The task:
In the entries below, find the line with "Apple iPhone 14" and the line with "Small shoulder bag". Reproduce those two lines and every line between them exactly, and nothing more.

Data supplied:
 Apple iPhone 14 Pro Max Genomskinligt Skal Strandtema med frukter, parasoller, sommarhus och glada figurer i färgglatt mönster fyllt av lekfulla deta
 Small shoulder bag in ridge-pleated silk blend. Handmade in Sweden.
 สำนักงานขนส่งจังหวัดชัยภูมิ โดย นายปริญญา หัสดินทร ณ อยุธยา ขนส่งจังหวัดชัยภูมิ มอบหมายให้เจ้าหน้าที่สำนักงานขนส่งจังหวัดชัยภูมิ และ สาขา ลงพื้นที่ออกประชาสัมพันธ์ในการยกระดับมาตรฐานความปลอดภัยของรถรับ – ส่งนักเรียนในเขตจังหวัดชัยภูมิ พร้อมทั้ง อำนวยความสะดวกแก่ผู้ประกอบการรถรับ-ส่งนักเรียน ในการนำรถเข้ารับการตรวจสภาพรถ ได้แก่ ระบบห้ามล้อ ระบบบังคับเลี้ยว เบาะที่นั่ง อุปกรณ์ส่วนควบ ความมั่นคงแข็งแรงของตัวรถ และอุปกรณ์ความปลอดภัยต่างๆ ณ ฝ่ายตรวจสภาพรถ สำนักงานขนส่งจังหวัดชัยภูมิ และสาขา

...

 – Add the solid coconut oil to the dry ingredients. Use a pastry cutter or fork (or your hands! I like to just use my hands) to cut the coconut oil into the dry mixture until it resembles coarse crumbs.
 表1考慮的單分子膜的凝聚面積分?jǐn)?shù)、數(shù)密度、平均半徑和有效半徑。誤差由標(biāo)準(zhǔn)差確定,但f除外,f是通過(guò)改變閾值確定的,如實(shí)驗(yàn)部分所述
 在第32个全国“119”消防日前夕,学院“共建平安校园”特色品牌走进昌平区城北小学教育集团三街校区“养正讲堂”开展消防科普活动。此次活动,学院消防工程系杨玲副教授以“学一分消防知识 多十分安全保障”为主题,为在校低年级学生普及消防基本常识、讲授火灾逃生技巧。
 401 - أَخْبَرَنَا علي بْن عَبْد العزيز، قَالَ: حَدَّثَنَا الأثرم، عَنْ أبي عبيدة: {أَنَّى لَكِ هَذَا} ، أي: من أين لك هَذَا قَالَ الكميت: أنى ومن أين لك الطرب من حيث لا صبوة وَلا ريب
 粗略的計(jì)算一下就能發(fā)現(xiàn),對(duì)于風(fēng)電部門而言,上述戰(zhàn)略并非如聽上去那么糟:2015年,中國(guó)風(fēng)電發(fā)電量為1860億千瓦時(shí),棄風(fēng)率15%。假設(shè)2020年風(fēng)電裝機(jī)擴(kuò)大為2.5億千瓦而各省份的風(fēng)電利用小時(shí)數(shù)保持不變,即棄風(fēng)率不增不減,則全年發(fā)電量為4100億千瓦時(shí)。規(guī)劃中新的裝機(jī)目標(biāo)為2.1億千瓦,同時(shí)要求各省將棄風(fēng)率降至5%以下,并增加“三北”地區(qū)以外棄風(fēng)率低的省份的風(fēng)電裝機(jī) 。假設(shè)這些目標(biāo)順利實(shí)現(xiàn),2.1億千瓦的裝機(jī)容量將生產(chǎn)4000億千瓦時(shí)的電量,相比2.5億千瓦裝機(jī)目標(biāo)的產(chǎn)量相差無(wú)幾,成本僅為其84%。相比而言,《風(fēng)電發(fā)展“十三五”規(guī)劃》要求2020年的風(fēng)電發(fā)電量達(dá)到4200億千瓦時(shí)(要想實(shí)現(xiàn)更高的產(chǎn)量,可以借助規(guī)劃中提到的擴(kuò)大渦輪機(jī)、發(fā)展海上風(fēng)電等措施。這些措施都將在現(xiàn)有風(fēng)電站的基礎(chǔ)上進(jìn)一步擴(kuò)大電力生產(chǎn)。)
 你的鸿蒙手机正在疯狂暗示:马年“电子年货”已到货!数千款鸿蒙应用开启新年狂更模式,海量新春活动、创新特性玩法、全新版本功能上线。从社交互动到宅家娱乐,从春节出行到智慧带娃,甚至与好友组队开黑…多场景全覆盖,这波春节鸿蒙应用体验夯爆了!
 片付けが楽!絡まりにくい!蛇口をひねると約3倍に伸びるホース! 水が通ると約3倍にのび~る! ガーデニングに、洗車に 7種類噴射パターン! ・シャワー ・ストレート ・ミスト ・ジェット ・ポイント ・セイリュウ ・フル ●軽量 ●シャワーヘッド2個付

Written solution:
 Apple iPhone 14 Pro Max Genomskinligt Skal Strandtema med frukter, parasoller, sommarhus och glada figurer i färgglatt mönster fyllt av lekfulla deta
 Small shoulder bag in ridge-pleated silk blend. Handmade in Sweden.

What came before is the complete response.